Raw data:
──────────
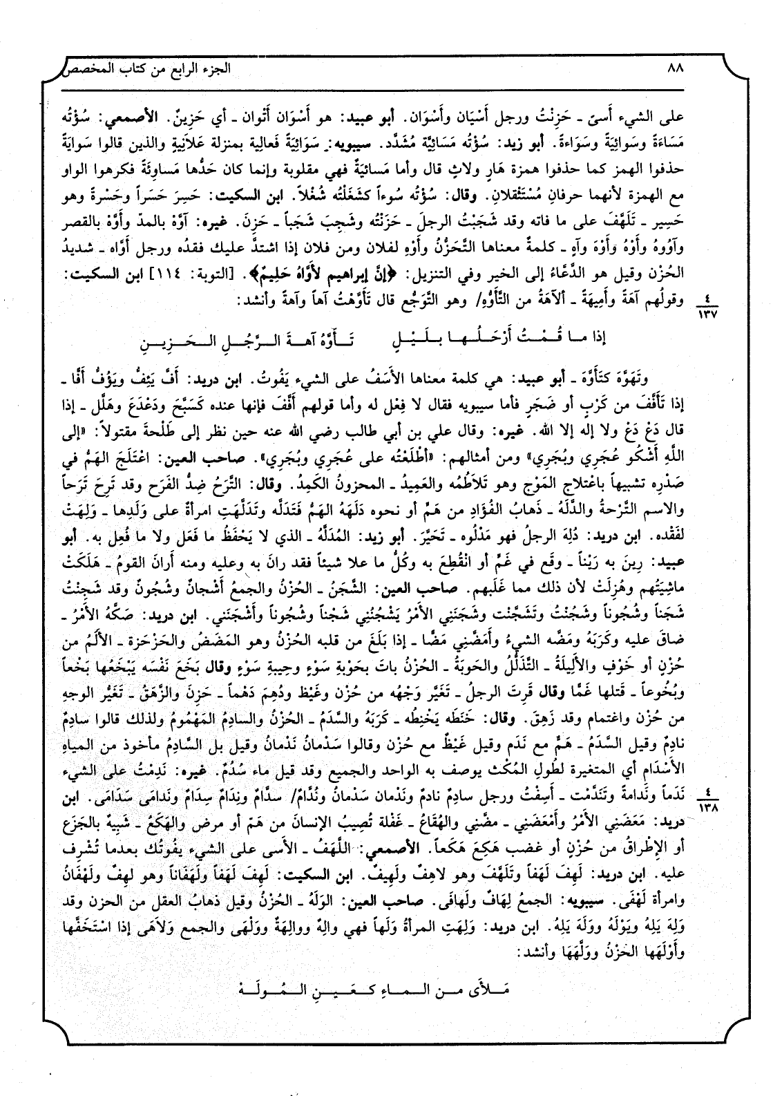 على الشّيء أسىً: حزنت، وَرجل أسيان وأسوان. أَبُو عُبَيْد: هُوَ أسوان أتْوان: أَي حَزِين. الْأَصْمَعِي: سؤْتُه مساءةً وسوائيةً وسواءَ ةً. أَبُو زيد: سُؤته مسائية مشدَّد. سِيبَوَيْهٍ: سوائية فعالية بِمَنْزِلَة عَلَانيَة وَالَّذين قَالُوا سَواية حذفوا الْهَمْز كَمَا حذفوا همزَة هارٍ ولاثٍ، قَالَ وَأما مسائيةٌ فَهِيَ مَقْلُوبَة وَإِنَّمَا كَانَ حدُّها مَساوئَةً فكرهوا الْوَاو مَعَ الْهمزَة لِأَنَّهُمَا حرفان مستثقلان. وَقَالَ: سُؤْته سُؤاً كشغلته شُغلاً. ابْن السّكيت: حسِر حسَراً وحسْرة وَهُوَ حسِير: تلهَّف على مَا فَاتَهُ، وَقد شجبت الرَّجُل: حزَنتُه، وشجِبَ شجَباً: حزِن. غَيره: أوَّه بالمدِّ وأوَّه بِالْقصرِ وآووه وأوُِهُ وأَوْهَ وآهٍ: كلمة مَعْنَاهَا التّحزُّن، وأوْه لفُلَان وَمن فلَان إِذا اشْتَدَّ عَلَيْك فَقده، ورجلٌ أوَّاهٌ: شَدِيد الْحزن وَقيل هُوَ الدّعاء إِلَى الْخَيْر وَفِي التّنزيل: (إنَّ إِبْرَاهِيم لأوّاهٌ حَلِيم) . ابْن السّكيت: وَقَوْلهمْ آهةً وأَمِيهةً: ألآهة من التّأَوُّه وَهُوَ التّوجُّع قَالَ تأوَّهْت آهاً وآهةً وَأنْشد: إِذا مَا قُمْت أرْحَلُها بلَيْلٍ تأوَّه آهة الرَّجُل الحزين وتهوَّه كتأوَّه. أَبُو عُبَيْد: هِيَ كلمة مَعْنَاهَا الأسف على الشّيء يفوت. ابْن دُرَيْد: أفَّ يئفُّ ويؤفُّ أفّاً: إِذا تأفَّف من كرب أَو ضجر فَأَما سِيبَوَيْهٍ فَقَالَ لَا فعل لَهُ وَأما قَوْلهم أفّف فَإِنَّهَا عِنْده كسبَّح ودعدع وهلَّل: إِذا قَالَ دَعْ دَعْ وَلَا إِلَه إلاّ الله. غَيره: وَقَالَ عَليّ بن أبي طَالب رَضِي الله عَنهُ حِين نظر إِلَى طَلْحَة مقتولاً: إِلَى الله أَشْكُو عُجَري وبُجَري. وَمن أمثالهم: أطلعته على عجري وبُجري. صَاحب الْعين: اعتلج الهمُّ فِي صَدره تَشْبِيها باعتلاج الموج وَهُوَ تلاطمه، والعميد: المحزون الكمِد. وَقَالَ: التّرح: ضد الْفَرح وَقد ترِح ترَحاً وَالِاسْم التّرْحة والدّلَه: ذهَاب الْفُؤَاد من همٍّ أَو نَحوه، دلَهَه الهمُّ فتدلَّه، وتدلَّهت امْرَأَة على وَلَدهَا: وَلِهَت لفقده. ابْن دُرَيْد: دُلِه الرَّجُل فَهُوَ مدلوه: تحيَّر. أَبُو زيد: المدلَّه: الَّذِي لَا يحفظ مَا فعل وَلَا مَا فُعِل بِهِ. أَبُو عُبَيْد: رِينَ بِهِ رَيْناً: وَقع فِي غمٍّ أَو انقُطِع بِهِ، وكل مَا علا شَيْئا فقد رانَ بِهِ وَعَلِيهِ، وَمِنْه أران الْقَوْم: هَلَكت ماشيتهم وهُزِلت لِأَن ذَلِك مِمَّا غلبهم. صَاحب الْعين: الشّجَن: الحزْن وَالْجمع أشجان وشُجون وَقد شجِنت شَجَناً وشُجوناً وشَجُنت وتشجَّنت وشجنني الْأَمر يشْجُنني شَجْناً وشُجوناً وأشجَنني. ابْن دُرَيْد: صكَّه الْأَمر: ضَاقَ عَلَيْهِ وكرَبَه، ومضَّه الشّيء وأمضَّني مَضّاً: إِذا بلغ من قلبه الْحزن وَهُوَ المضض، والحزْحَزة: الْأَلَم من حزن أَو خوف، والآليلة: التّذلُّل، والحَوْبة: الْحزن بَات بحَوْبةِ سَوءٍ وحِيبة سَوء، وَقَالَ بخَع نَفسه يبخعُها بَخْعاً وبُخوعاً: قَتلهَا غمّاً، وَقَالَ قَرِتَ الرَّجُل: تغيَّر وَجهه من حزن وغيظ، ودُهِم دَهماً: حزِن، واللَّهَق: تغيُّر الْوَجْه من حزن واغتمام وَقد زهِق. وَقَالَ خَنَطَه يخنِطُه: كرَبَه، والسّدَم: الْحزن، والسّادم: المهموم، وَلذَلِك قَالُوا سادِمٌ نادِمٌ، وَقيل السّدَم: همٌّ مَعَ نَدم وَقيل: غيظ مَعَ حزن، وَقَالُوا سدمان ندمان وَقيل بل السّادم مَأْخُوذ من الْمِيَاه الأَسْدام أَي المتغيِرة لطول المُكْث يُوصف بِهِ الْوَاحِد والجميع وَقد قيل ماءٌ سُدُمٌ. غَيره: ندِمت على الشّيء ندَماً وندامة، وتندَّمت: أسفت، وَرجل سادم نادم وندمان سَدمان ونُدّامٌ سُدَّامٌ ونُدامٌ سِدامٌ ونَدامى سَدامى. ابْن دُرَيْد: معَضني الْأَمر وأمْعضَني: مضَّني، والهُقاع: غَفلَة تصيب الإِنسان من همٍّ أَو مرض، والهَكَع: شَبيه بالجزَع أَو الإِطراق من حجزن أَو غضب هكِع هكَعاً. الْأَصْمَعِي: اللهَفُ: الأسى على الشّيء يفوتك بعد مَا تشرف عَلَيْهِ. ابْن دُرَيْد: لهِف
──────────
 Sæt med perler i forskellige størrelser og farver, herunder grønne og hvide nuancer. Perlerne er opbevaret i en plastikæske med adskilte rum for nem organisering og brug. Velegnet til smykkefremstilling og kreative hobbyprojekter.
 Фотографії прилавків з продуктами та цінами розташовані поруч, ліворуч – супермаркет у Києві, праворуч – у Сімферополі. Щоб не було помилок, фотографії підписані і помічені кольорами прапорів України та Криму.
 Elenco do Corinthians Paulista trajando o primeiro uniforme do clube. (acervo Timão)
──────────
Task brief:
Give back exactly the lines of the listing above that run from the line with "Sæt med perler" to the line with "Elenco do Corinthians", inclusive.

Written response:
 Sæt med perler i forskellige størrelser og farver, herunder grønne og hvide nuancer. Perlerne er opbevaret i en plastikæske med adskilte rum for nem organisering og brug. Velegnet til smykkefremstilling og kreative hobbyprojekter.
 Фотографії прилавків з продуктами та цінами розташовані поруч, ліворуч – супермаркет у Києві, праворуч – у Сімферополі. Щоб не було помилок, фотографії підписані і помічені кольорами прапорів України та Криму.
 Elenco do Corinthians Paulista trajando o primeiro uniforme do clube. (acervo Timão)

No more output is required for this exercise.